In joint work with Daniel Reisinger, I examine a paradigm of clitics that encode evidentiality and deixis at the clausal level: we label these ‘clausal demonstratives’. We propose a nonmodal analysis of these evidentials as involving relations between situations. Here is our WCCFL 37 proceedings paper.

In addition to these deictic evidentials, ʔayʔaǰuθəm has reportative and inferential evidentials that exhibit modal behavior, as discussed in this prepublication chapter to appear in Modality in underdescribed languages: A methodological perspective. In our SALT 31 proceedings paper, Daniel Reisinger and I compare the behaviour of the reportative and inferential evidentials with the clausal demonstratives in order to argue that the former evidentials are epistemic modals while the latter are nonmodal evidentials, meaning that the categories of epistemic modality and evidentiality partially overlap and both types of evidentials may be found in the same language. Our findings for the different types of ʔayʔaǰuθəm evidentiality has implications for where we expect to find evidentiality encoded cross-linguistically, as well as for the debate concerning whether evidentiality and epistemic modality are discrete or overlapping categories.

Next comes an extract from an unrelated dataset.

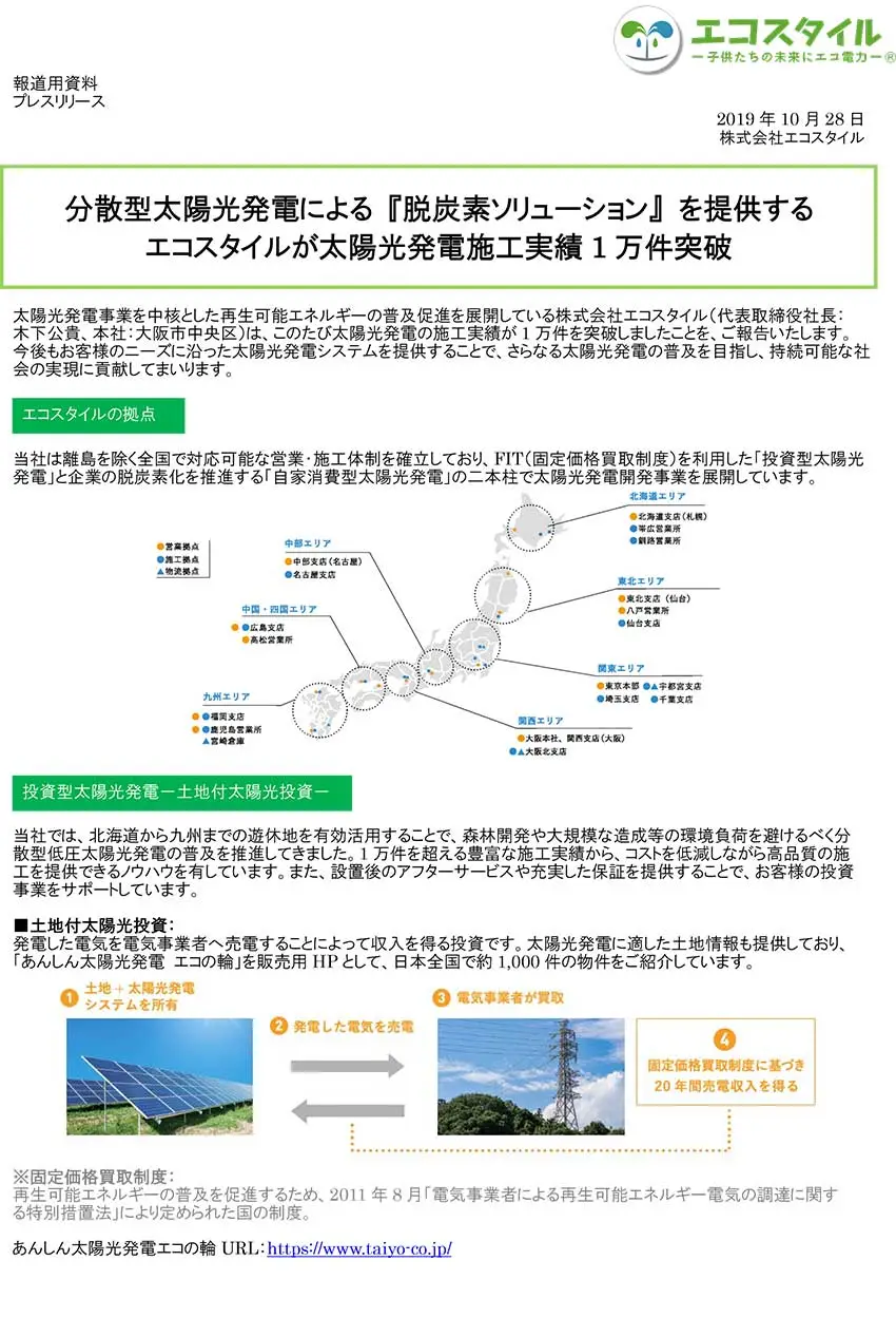 分散型太陽光発電による 『脱炭素ソリューション』 を提供する エコスタイルが太陽光発電施工実績1万件突破

In addition to my work on the two ʔayʔaǰuθəm evidentials I analyze as epistemic modals, mentioned above, I have co-authored a chapter with Sarah Murray on modality and evidentiality in North American languages for The Routledge Handbook of North American Languages.

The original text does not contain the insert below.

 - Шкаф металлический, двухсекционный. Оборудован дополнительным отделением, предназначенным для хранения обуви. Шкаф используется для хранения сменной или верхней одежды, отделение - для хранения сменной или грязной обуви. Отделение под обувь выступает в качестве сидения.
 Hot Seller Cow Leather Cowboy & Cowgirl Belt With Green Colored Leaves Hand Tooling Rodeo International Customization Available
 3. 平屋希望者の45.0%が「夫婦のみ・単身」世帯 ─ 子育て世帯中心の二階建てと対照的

Demonstratives and gesture

In joint work with Daniel Reisinger, I examine the components of meaning encoded by ʔayʔaǰuθəm demonstratives. In this ICSNL 56 precedings paper and Sinn und Bedeutung 26 proceedings paper, we argue that ʔayʔaǰuθəm demonstratives encode evidentiality in addition to deictic distance (with a subset also encoding gender and number). We also argue that gesture plays a crucial role in establishing reference for one paradigm of demonstratives, providing evidence that gesture contributes to core semantic content. More recently, we have compared the contribution of gesture with different determiners and demonstratives, presenting on this work at Sinn und Bedeutung 28.

Pluractionality

Due to my work on an ʔayʔaǰuθəm e-dictionary project, I have become interested in the semantic interpretation of various word-level processes affecting ʔayʔaǰuθəm verbs, in particular reduplication and ablaut. Gloria Mellesmoen and I together have an IJAL article on two markers of plurality found on verbs in ʔayʔaǰuθəm; we argue that one of these, a reduplication process, marks event-external pluractionality, while the other, an affix, marks plural participants. A pre-publication version can be found here. In our SALT 29 proceedings paper, we explore the connection between verbal plurality and nominal plurality, examining the semantic interpretation of a reduplication pattern found on both verbs and nouns; we also examine an ablaut process marking event-internal pluractionality analogous to the type of plurality found with group nouns.

Scalar exclusive

One of the most ubiquitous of the second-position clitics in ʔayʔaǰuθəm is a scalar exclusive particle. While a variety of semantics tests show this clitic to have the contribution of a scalar exclusive – excluding alternative propositions higher than the prejacent on some scale – it frequently associates with the universal quantifier in the language. This is puzzling since the universal quantifier is at the top of the scale of alternative quantifiers, which should mean there are no alternatives to exclude and the contribution of the scalar exclusive should be vacuous. In this paper, I argue that the scalar exclusive has an effect of domain widening in these contexts and draw a parallel with cases where the scalar exclusive just associates with the universal quantifier every in English (e.g. Talking of my dog…: she loves just everyone!).